Efficient Bayesian Updates for Deep Active Learning via Laplace Approximations
We introduce an efficient Bayesian update using a last-layer Laplace approximation to replace costly retraining in deep active learning, enabling sequential batch selection and look-ahead strategies.
摘要
评审与讨论
This paper proposes a method to replace costly retraining with an efficient Bayesian update that uses a second-order optimization step based on a Gaussian posterior derived from a last-layer Laplace approximation. This approach achieves low computational complexity by computing the inverse Hessian in closed form, offering a solution that closely approximates full retraining but is significantly faster. Additionally, the new framework supports sequential batch selection by incrementally updating the DNN after each label acquisition. A look-ahead selection strategy is also introduced to provide an upper baseline for optimal batch selection.
优点
Interesting perspective on improving computational efficiency on AL. This method does not need to recompute the Hessian from scratch. Instead, their updates use covariances through Laplace Approximations and the Woodbury identity for closed-form inversion. This is a very interesting work combining theoretical groundings and experimental evidence.
缺点
- Lack of related work. For look ahead approaches, as the authors illustrate in Section 5.2, "The idea of look-ahead strategies is to select instances that, once labeled and added to the labeled pool, maximize the performance of the model", recently there are many data-driven approaches, which trains neural networks to predict the performance of labeled pool after adding certain instances [1] or uses well-calibrated probabilistic models to quantify the epistemic uncertainty about the unknown dynamics [5]. The authors shall do more broad search on related works.
- For datasets choice, CIFAR-10 is a relatively easy datasets if the authors chose to use ViT as the classifier. For instance, [2] uses ViT on CIFAR100 and mini-ImageNet. I would expect more complicated datasets such as CIFAR100, mini-ImageNet, ImageNet scale of experiments. The authors should also report standard errors/deviations as many AL papers report it [1, 2, 3, 4].
References:
[1] Ding, Zixin, et al. "Learning to Rank for Active Learning via Multi-Task Bilevel Optimization." The 40th Conference on Uncertainty in Artificial Intelligence.

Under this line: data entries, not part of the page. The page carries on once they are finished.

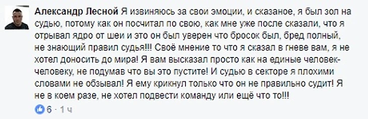 И судью в секторе я плохими словами не обзывал! Я ему крикнул только, что он не правильно судит! Я ни в коем разе не хотел подвести команду или еще что-то», – написал Лесной в комментариях под постом начальника отдела по работе со СМИ сайта RusAthletics Аллы Глущенко.
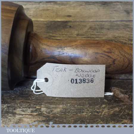 Handmade wood turned old lignum mallet with teak handle and boxwood wedge. This mallet is approximately 2 lbs in weight and is finished with bee’s wax.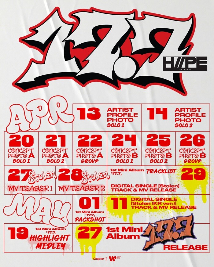 공개된 스케줄러는 앨범명 ‘17.7’을 중심으로 강렬한 비주얼을 완성했다. 레드, 블랙, 화이트 컬러가 어우러진 타이포그래피는 시선을 단번에 사로잡았고, 자유분방한 스트릿 감성을 직관적으로 담아냈다. 간결한 디자인 속에서도 팀이 지닌 당당한 에너지와 정체성이 자연스럽게 드러나며 데뷔 콘셉트에 대한 궁금증을 키웠다.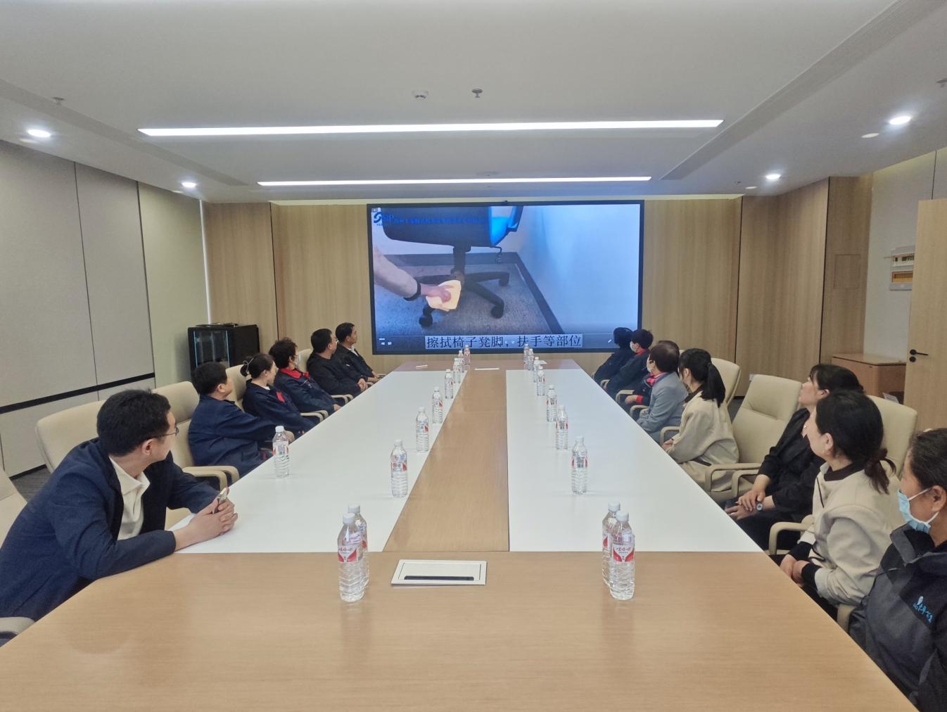 培訓圍繞辦公大樓地面清掃、電梯轎廂清潔保養(yǎng)、玻璃幕墻清洗維護、會議室、茶水間及衛(wèi)生間細節(jié)處理到外圍路面和綠化區(qū)域的日常清理管養(yǎng)等內(nèi)容,通過觀看視頻和現(xiàn)場演示方式,詳細講解了操作規(guī)范和作業(yè)標準,確保保潔人員能夠熟練掌握高效、科學的清潔技巧,提高工作質(zhì)量與效率。

[2] Parvaneh, Amin, et al. "Active learning by feature mixing." Proceedings of the IEEE/CVF conference on computer vision and pattern recognition. 2022.
[3] Hacohen, Guy, et al. "Active Learning on a Budget: Opposite Strategies Suit High and Low Budgets." International Conference on Machine Learning. PMLR, 2022.
[4] Hübotter, Jonas, et al. "Transductive Active Learning with Application to Safe Bayesian Optimization." ICML 2024 Workshop: Aligning Reinforcement Learning Experimentalists and Theorists.
[5] Treven, Lenart, et al. "Optimistic active exploration of dynamical systems." Advances in Neural Information Processing Systems 36 (2023): 38122-38153.
问题
No.
This paper considers an important problem in deep active learning by updating the model given the new queried data. Specifically, this paper examines an efficient Bayes update rule with experimental validations across various datasets.
优点
This paper aims to tackle an important problem by efficiently updating the newly queried data in active learning. It’s well known that retraining from scratch is a bad idea since it unnecessarily consumes computational resources, while a naive update may lead to catastrophic forgetting problems. Based on these viewpoints, I believe this paper addresses an important issue in active learning. The paper is overall clearly written, with diverse experimental settings.
缺点
I have two major concerns regarding the paper. Therefore, I do not think the current paper is ready for publication.
-
The first concern is a lack of discussion and comparison with a very related paper [1]. I believe these two issues in active learning have been clearly discussed, and different continual learning methods have been tested. When comparing paper [1] with the current submission, I would say paper [1] seems more comprehensive and useful in terms of practice, while the current submission only works within a Bayes-based active learning framework. In addition, paper [1] was accepted in 2023; therefore, I do not consider it a concurrent paper. Given the existence of paper [1], I think the novelty and significance of the current paper are rather incremental.
-
My second issue is about the problem setting and formulation. In Lines 202 and 205, we assume that D^{+} is independent of D. In the first experiment (Sec 4), there is no problem with this. However, in the active learning setting, this assumption is fundamentally incorrect. Let me explain the rationale:
-
The next query dataset D^{+} should definitely depend on the previous data D. Given an active learning algorithm A, the next query dataset should be a function of D^{+} = A(D, \text{current_model}); therefore, there must be a dependency between the last and current datasets. This is also relevant to your discussion about online and continual learning, where both are not i.i.d. in this context.
-
To address this important issue, I would suggest the authors consider sequential Bayes (or related works in sequential RL). By clearly modeling the sequential data as D^{0}, D^{1} = {D^{0}, D^{+, 1}}, you can better reflect the actual interactive nature of active learning.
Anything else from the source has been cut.